The Price Tag Raises Questions
Here’s where it gets interesting. Thirty million dollars is a lot of money for a company like Sion. The platform raised just $3.2 million in seed funding back in 2022. While Sion’s growth has been impressive, it’s a commission reconciliation tool, not a high-margin SaaS juggernaut. Its revenue model is built on fees from advisors and agencies, and even with 8,000 advisors on the platform, it’s hard to imagine the top-line revenue alone justifying a $30 million price tag.
That tells me Bilt wasn’t paying for Sion’s current revenue. Even at a very high multiple, it couldn’t have been based on earnings. It was paying for the data asset and the advisor network that comes with it. In a world where Bilt is valued at nearly $11 billion and is aggressively building out a platform that touches housing, dining, fitness, and now travel, $30 million is a relatively small bet on owning a critical piece of the travel data infrastructure. Whether that bet pays off depends on how well Bilt can actually monetize the data and integrate it into its broader ecosystem.
Conclusion
Bilt’s acquisition of Sion looks like a travel play in the press release, but the real story has to be about data. Sion gives Bilt a window into billions of dollars in travel transactions, and that’s the kind of intelligence that can reshape a loyalty program. The $30 million price tag is steep for what Sion generates on its own (presumably), but Bilt isn’t buying a commission tracker. It’s buying a data pipeline. How Bilt leverages that data in the months ahead will tell us whether this was a savvy move or an expensive experiment.
What do you think?



Perhaps Bilt is planning to build the next generation version of American Express Travel.
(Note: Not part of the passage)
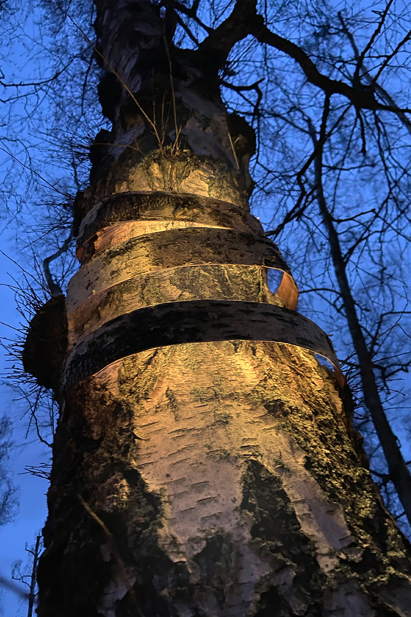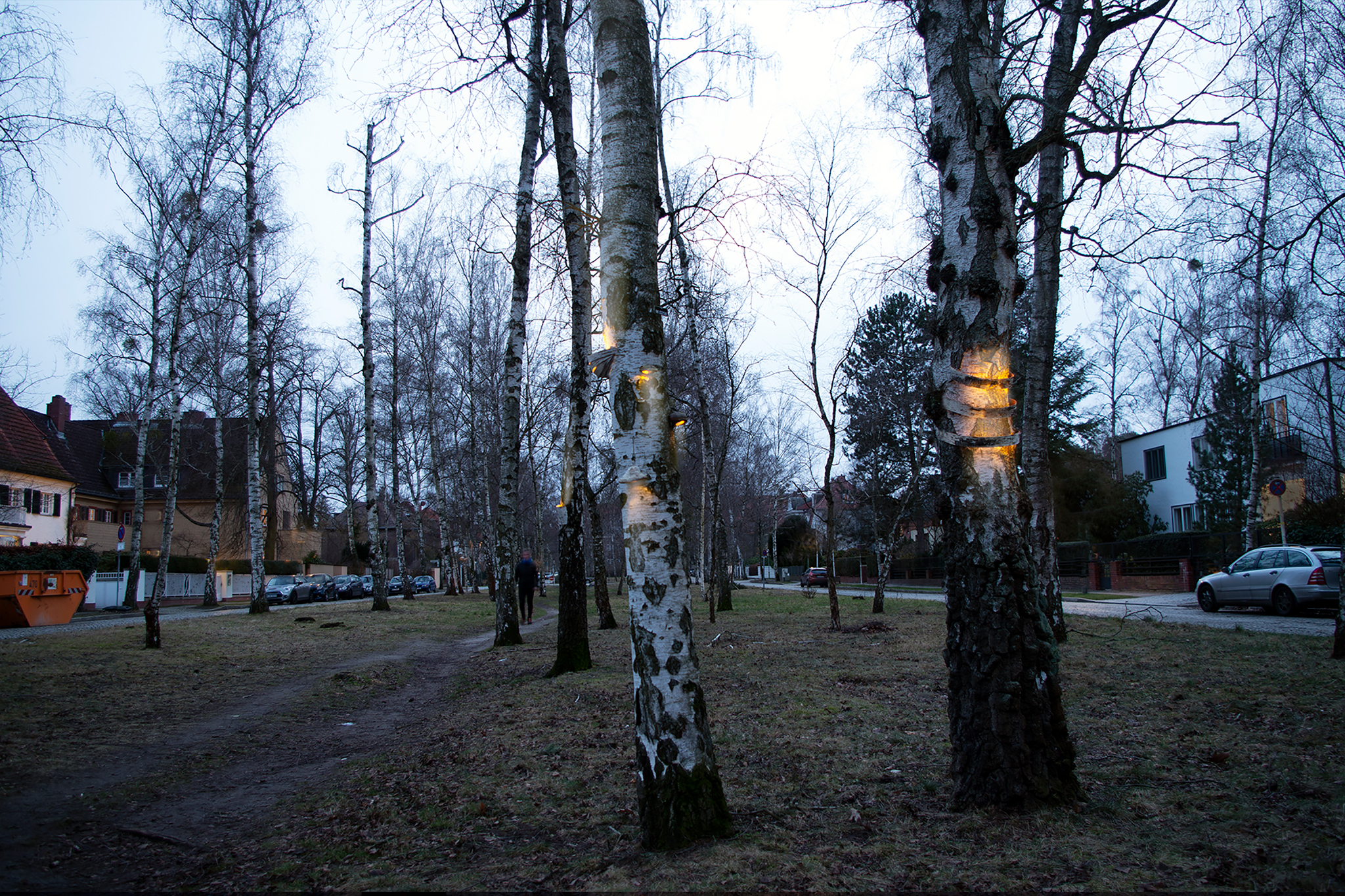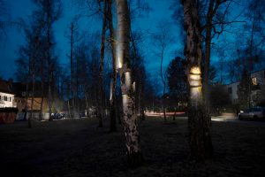 The white bark of birch trees makes them easily recognizable from a distance and is one of the main characteristics of the tree. However, what would happen if trees, due to mutation triggered by external circumstances, were able to absorb, store and release solar energy in their bark? The project titled “From White to Light” simulates a mutation in a utopian world in which birch trees begin to emit light stored in the trunk to the outside via overgrown fungi or peeling bark. Thus, a new interaction between nature and people can develop, especially in the city. In contrast to previous sources of light such as street lamps, this would be a natural and sustainable option.

Psh. Wish they’d simply invest in a proper customer service team. Some of the horror stories so far are not promising. Feels very ‘you’re on your own’ if anything doesn’t go right. Been watching my charges like a hawk, because I’d like to avoid any disputes/claims.
Sion raised $1.3m in pre-seed in 2020, plus the $3.2m seed you mentioned. So $4.5m. Selling 10% – 15% at seed would be pretty normal. I’m guessing that the seed round implied a post-money valuation of $20m – $30m four years ago. So buying it today at $30m isn’t really that big a premium. And this is certainly going to make Bilt a preferred partner. Regardless, it’s pretty clear that this was a decent return for investors but definitely not a home run. Probably didn’t 2x their money in four years. Somewhere between slightly over seed valuation or 1.5x.
@Gary – You may have information I don’t, and the $3.2MM figure was the one used in the press release but even at $4.5MM their technology and overhead spend is not insignificant. I doubt they are profitable but that’s hardly the reason to buy them at this stage in their life cycle.
My question is with regard to this statement: “And this is certainly going to make Bilt a preferred partner.” To whom? Who is the preferred partner? This acquisition makes Bilt a preferred partner to the vendors (travel providers) with whom they facilitate data and occasionally payments? Maybe I am not imaginative enough, but I can’t foresee the environment in which Bilt becomes a preferred partner to the 8,000 travel advisors they now manage commission data for. And to the traveler and the “member” (cardholder), how does Sion improve their experience? This is a mostly invisible space where travelers don’t see or understand the plumbing of the industry (nor should they, it’s hideous.)
Sion gets travel advisors paid, quickly, which is a huge pain point otherwise. It’s really good piping in a small part of the travel ecosystem, they built a better mousetrap but they weren’t ever going to eat the world so to speak. I don’t think this is a game-changer for Bilt but they’re probably more valuable to Bilt than as a standalone.